Question: What authentication library does this project use?

Rules:
- Answer with numbered citations like [1], [2].
- If no source supports a claim, say so explicitly.
- Be concise (3-5 sentences maximum).

Grounding Modes

Mode Behavior Use Case
strict Only use provided sources; refuse if unsourced Critical tasks, compliance
preferred Prefer sources; note when using general knowledge Standard development tasks
supplementary Use sources to augment general knowledge Research and exploration
disabled No grounding enforcement Brainstorming, ideation

JSON & Structured Outputs

For deterministic automation, Task Master encourages structured output formats that can be parsed and validated programmatically.

Task Analysis Schema

{
  "$schema": "http://json-schema.org/draft-07/schema#",
  "type": "object",
  "required": ["summary", "tasks", "risk"],
  "properties": {
    "summary": { "type": "string", "maxLength": 500 },
    "tasks": {
      "type": "array",
      "items": {
        "type": "object",
        "required": ["title", "estimatedHours", "priority"],
        "properties": {
          "title": { "type": "string" },
          "estimatedHours": { "type": "number", "minimum": 0.5 },
          "priority": { "enum": ["low", "medium", "high", "critical"] }
        }
      }
    },
    "risk": { "enum": ["low", "medium", "high"] }
  }
}

Temperature Settings for Structured Output

Temperature Use Case Output Character
0.0-0.1 JSON automation, code generation Highly deterministic
0.2-0.3 Task analysis, structured reports Consistent with slight variation
0.4-0.5 Planning, architecture decisions Balanced creativity and consistency
0.6-0.7 Brainstorming, exploration Creative, diverse suggestions

Guardrails & Refusals

Guardrails prevent the AI from producing harmful or policy-violating content -- exposing secrets, fabricating specifications, or generating unsafe code patterns.

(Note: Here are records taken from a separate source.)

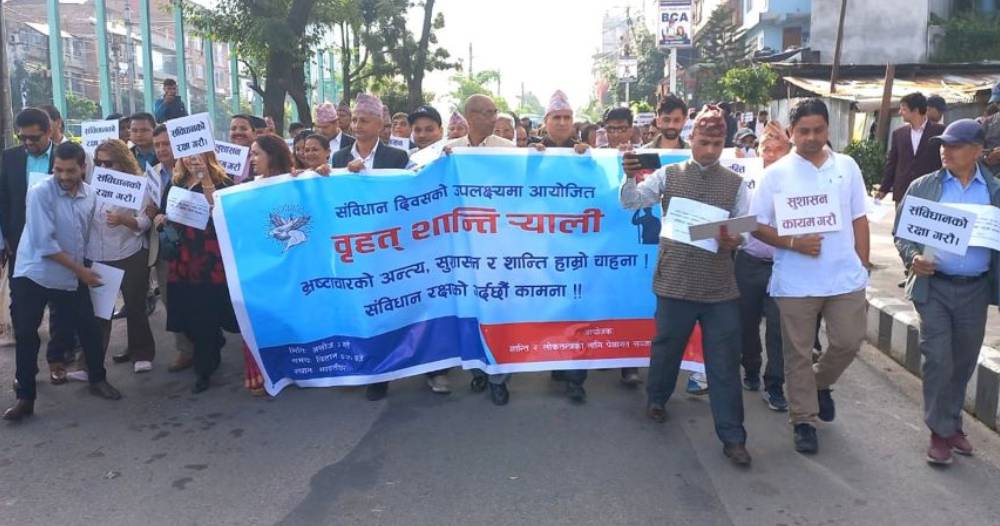 Kathmandu . A greater peace rally has been organized on the occasion of the Constitution Day this morning. The peace rally that began from Maitighar had reached Maitighar again via Bhadrakali, Shahid Gate where it converged into a corner meet.
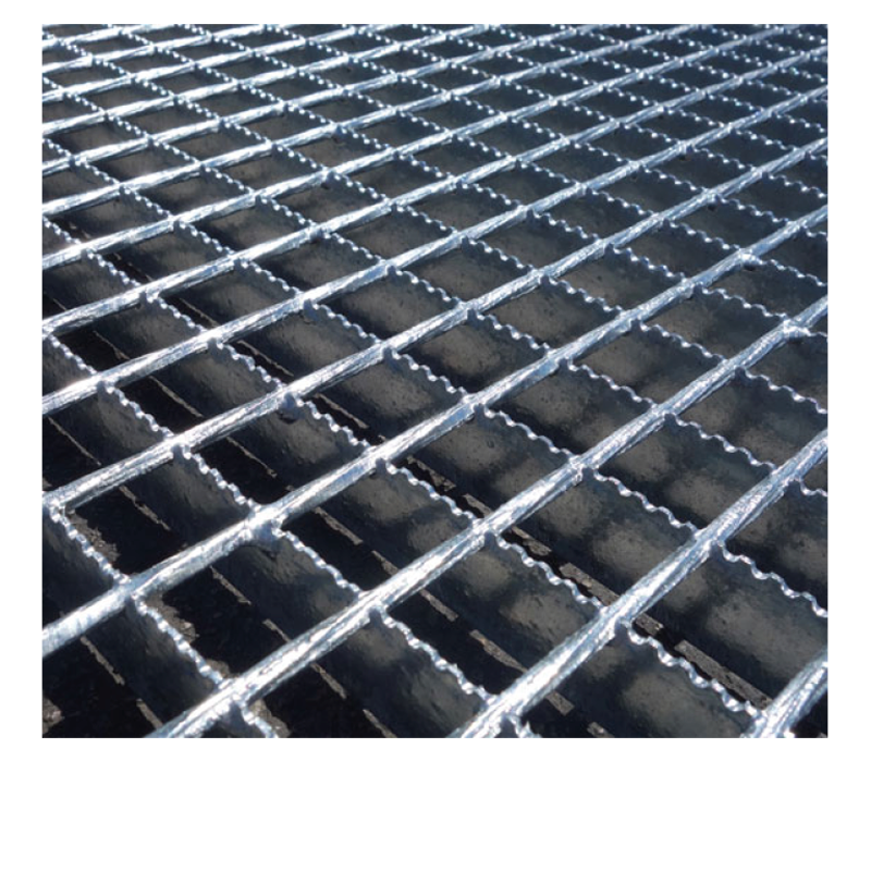 Peldaño metálico fabricado con rejilla Tramex dentada, compuesto por pletinas portantes dentadas y varilla corrugada soldada perpendicularmente, formando cuadrícula de 30×30 mm.
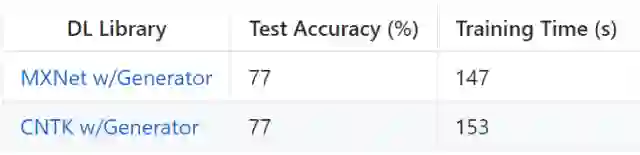 1. 为方便对比,上文中的实例(除了 Keras)使用同等水平的 API 和同样的生成器函数。我在 MXNet 和 CNTK 的实验中使用了更高水平的 API,在该 API 上使用框架的训练生成器函数。该实例中的速度提升几乎微不足道,原因在于整个数据集作为 NumPy 数组在 RAM 中加载,每个 epoch 所做的唯一的处理是 shuffle。我怀疑该框架的生成器也在异步执行 shuffle 操作。奇怪的是,似乎框架在一个批次水平上进行 shuffle,而不是在观察层面上,因此测试准确率稍稍降低(至少在 10 epoch 之后)。在框架运行时进行的 IO 活动、预处理和数据增强的场景中,自定义生成器对性能的影响更大。
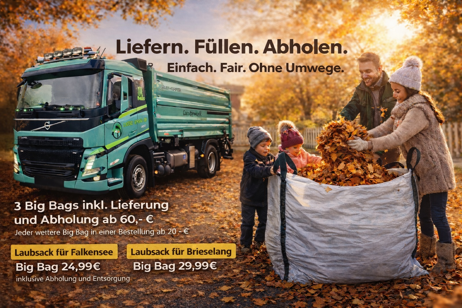 Laubsack liefern (auch kontaktlos!), abholen und ökologisch entsorgen lassen.
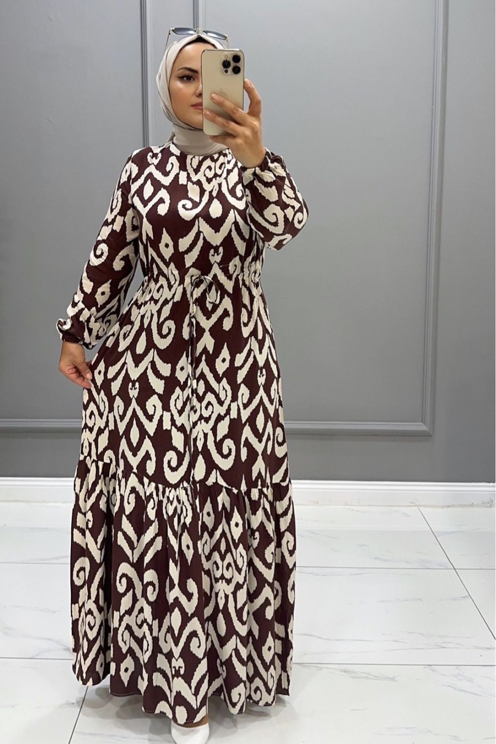 Elbise Viskon Seçil Kahverengi
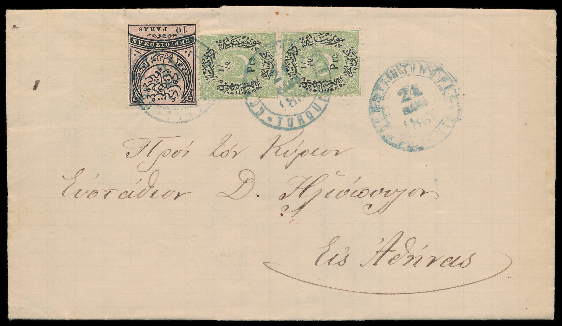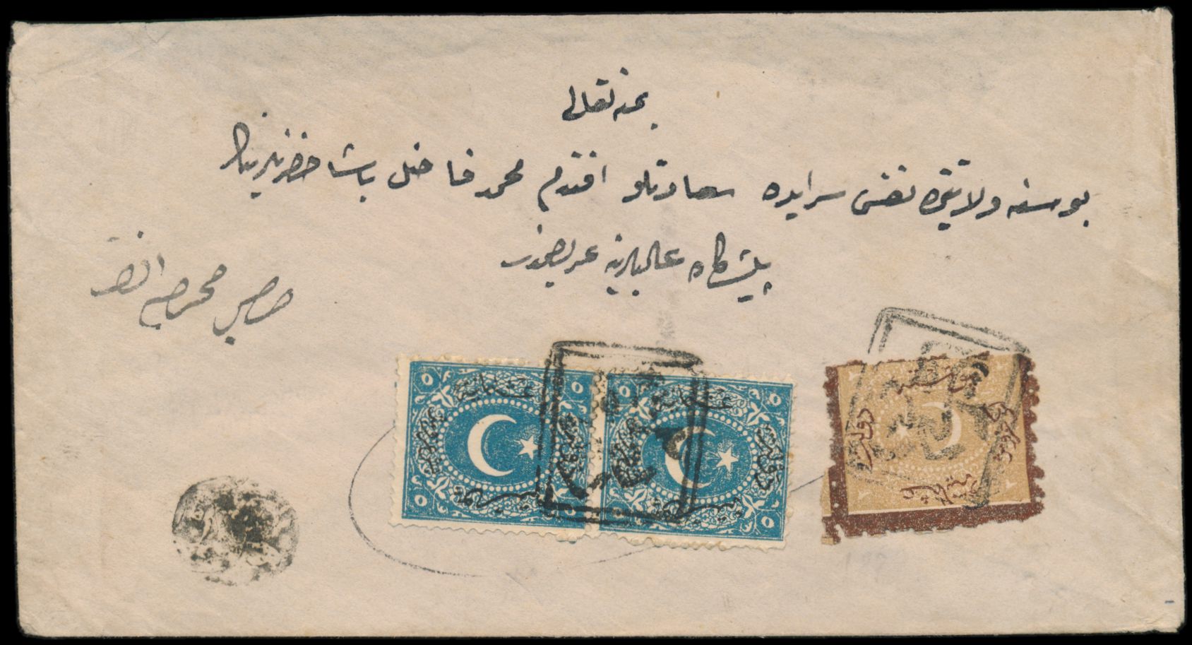 Duloz 2 Ghr und 2 x 5 Ghr auf Brief mit arabischem Stempel Dersaadet 2 (Istanbul Nr. 2)

Safety Policy Configuration

# .taskmaster/prompts/safety-policy.txt

SAFETY POLICY:
- Never include API keys, passwords, secrets, or credentials in outputs.
- Never generate code that executes system commands without confirmation.
- Never fabricate file paths, URLs, or endpoint addresses.
- If asked for information outside provided sources, respond:
  "I don't have enough information to answer that accurately."

Implementing Guardrails

# Enable safety policy globally
task-master config --safety-policy .taskmaster/prompts/safety-policy.txt

# Set disallowed content patterns
task-master config --disallow-patterns "API_KEY,SECRET,PASSWORD,PRIVATE_KEY"

# Enable PII detection
task-master config --pii-detection true

# View refusal log
task-master show-refusals --period "last-7-days"

Prompt Hygiene Checklist

flowchart TD
    A[Write System Prompt] --> B[Remove Conflicting Instructions]
    B --> C[Add Source Grounding Rules]
    C --> D[Set Output Format]
    D --> E[Add Safety Guardrails]
    E --> F[Include Relevant Examples]
    F --> G[Set Length Constraints]
    G --> H[Review & Test]
    H --> I{Passes Evaluation?}
    I -->|Yes| J[Deploy to Task Master]
    I -->|No| K[Identify Issues]
    K --> A

    classDef write fill:#e1f5fe,stroke:#01579b
    classDef review fill:#f3e5f5,stroke:#4a148c
    classDef deploy fill:#e8f5e8,stroke:#1b5e20

    class A,B,C,D,E,F,G write
    class H,I review
    class J deploy
    class K write
Loading
Check Description Priority
Single system prompt One authoritative source of instructions Critical
No conflicts No contradictory directives across prompt layers Critical
Source grounding Rules for citation and source usage High
Output format Defined structure for responses High
Safety guardrails Disallowed topics and refusal templates High
Examples Short, relevant few-shot examples Medium
Length constraints Max length or bullet count expectations Medium
Uncertainty handling "Don't guess; say not sure" directive Medium

Evaluation Loop

An evaluation loop tests your prompts against known inputs and checks for hallucinations, format violations, and quality regressions.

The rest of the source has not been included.